This is a phony market, propped up by Street and Fed hype and especially corporate buy-backs. It has been historically overvalued for many months, but as we have seen in 1998-2000 it can get more overvalued.
The key for investors is, when do they raise enough cash to survive the inevitable bear market ? Sell too early and an investor could have made more money. Sell to late and it could take an investor years to recoup their losses.
Monday, January 6, 2020 “Bear Market: Rampage of Ruin”
Once the spell is broken, once the perception that the stock market can not sustain a decline, once the computer algos are tweaked to consider the unlikely, the impossible, to abandon an untethered bullish bias, that’s when an ugly bear market begins, it’s a rampage of ruin.
You aren’t going to hear it from the news media, talk show hosts, publishers of upscale opinion or money managers, their client base doesn’t want to hear it, IT DOESN”T SELL OR DRAW TRAFFIC.
But insignificant market analysts like myself BEHOLDEN TO NO SPECIAL INTERESTS BUT ARMED WITH DECADES OF EXPERIENCE CAN TELL THE TRUTH STARTING WITH – I can’t stand all the lying at the top, all the self-serving hype and manipulation. There is a price to be paid for this and that is where things get ugly in the stock market … and economy and people’s lives.

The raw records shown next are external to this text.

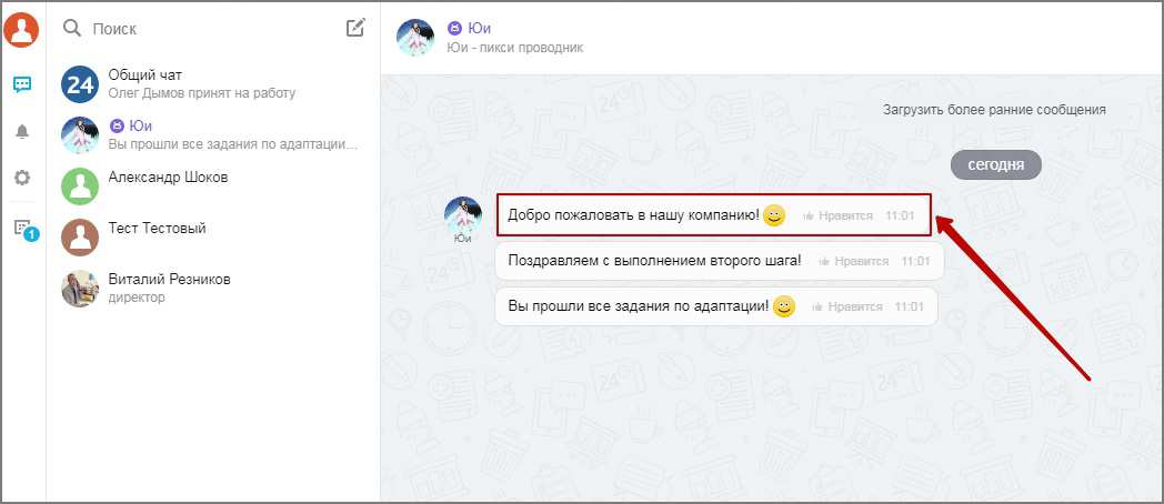 Модуль «Чат-бот для отправки уведомлений пользователям» позволяет настраивать отправку сообщений в чате корпоративного портала новому сотруднику, который проходит пункты автозадачи по шаблону для новых сотрудников.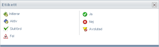 Etiketten visar en kort beskrivning av ikonerna som används på fliken . Etiketten visas i bilden nedan.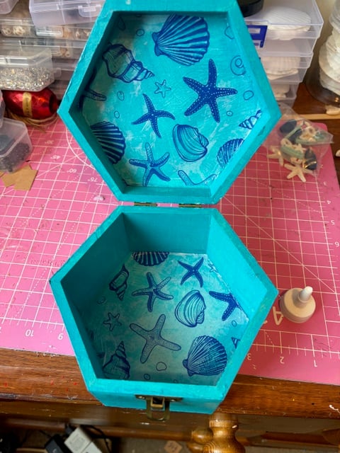 A beach-themed hexagon shaped jewellery box decorated with seashells and decoupage shell shapes inside, measuring approx 15cm in diameter and 8.5cms in depth.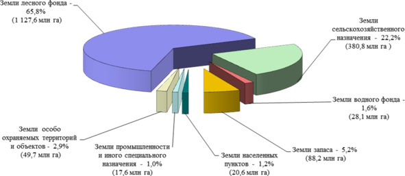 Рисунок 1 Структура земельного фонда РФ по категориям земель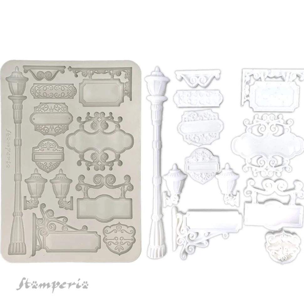Molde de silicona Farolas y Carteles Art of Travelling Stamperia A5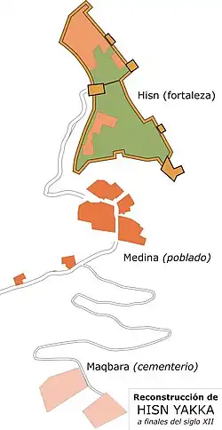 - ↑ a b Región de Murcia Digital, ed. (2007). «El origen de Hisn Yakka». Consultado el 19 de octubre de 2009.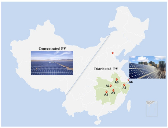 The six projects initially selected are located in the central and eastern provinces of China, as shown in Figure 6. A1 is located in Huangshi City, Hubei Province; A2 is located in Changsha City, Hunan Province; A3 is located in Hefei City, Anhui Province; A4 is located in Nanchang City, Jiangxi Province; A5 is located in Hangzhou City, Zhejiang Province; A6 is located in Shanghai. The installed capacity of the DPV power generation system is set to 1000 KW. The PV power generation system is installed on the roof of the industrial and commercial enterprise’s plant in the municipal district. The areas where these six projects are located are all suitable for the development of DPV power generation projects, with the conditions for DPV power generation to be consumed nearby, and the remaining amount of access to the grid.

The difference this time around is the Fed can’t bail the economy and stock market out with a policy change, they blew that a year ago when they panicked by a declining stock market and economy in the early stages of recession.
The result: a deferred recession and an overvalued stock market that becomes more overvalued. Instead of falling out of the 41st floor, this market will be falling out of the 81st floor all because of manipulation.
Rigged ? Yes, at times, not by a secret committee meeting in someone’s corner office in Manhattan or off in someone’s den in Oyster Bay, but by a mentality that this is a new era where buyers will be rewarded by rising prices indefinitely. Once reality sets in, that mindset vanishes.
With so many decisions made by computers today, any withdrawal from an, “Ask no questions – just keep buying” would have an immediate and devastating effect on stock prices. Better hope it doesn’t happen.
As for Iran. The consequences of killing General Solemani are beginning to surface. My concern is that Trump’s decision to strike now is all about impeachment and re-election, not international strategy.
If so, as a nation, as investors, we are at HUGE risk. As I noted Friday (READ “Bear Market to be Worse Than 2007-2009 – Everything is a Lie”) below.
Once this “bulletproof” spell is broken it will be straight down, and a quick Fed orchestrated recovery won’t bail out the bear market or the economy that will suffer as a result.”
Friday, January 3,2020 “Bear Market to be Worse Than 2007-2009 – Everything is a LIE !”
The market will try to shake off the killing of the Iranian General, but this market is more overvalued than at any time over the past 100 years except the dot-com bubble burst 1998 – 2000 which pounded the S&P 500 down 57% and Nasdaq 78%.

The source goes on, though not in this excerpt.